FLAC Compression Levels with FFmpeg

In order to convert music in the lossless FLAC format, we can use the flac command or the ffmpeg command.

One confusing thing is, the flac uses libFLAC while ffmpeg, to the best of my understanding, uses Libav. The former has compression levels defined from 0 to 8. 1 The latter has them set from 0 to 12.

The main difference is the way the encoder determines how many predictors to use. ffmpeg levels 8, 9 and 10 is roughly equivalent to the -e option of flac.

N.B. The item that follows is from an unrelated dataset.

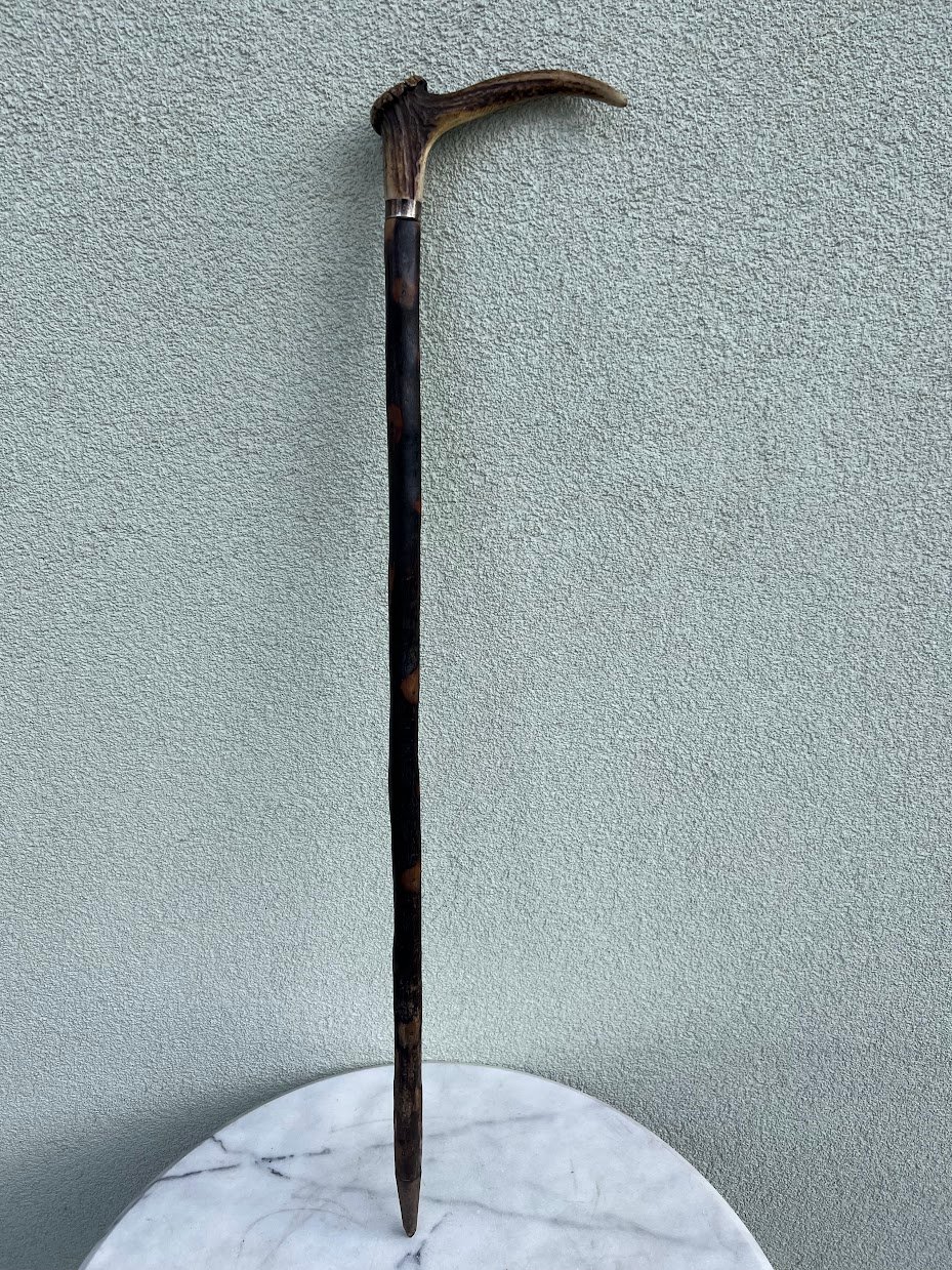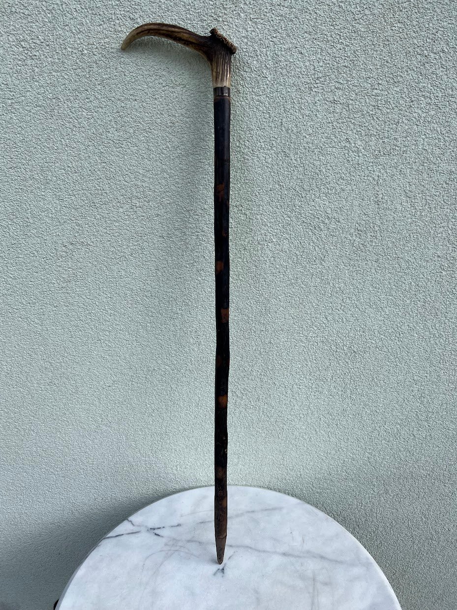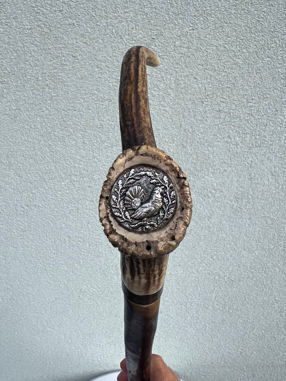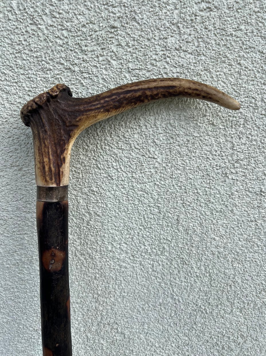 Lazda, lazdelė antikvarinė, rankena pagaminta iš rago, tvirta, medžioklės tema. Tinkama naudojimui. Kaina 108

However, some caution must be taken with level 11 and 12. While there is nothing wrong with them, they increase the number of predictors form 12 to 32. That means better prediction of the signal but also slower decoding. The FLAC format permits this but an arbitrary limits of 12 predictors have been chosen by the developers. This is what we call the “FLAC subset”. Above are “non-subset” and a lot of hardware players potentially won’t be able to play files using this level. 2

As of this writing, for best compression and maximum compatibility settings, one needs to use the level 10 of ffmpeg:

ffmpeg -i input.wav -c:a flac -compression_level 10 output.flac

Source

Footnotes
1.
Actually, levels are presets of various combination of “real” compression settings and have been arbitrarily set from 0 to 8 by the creators of FLAC. While not likely, this could change in the future.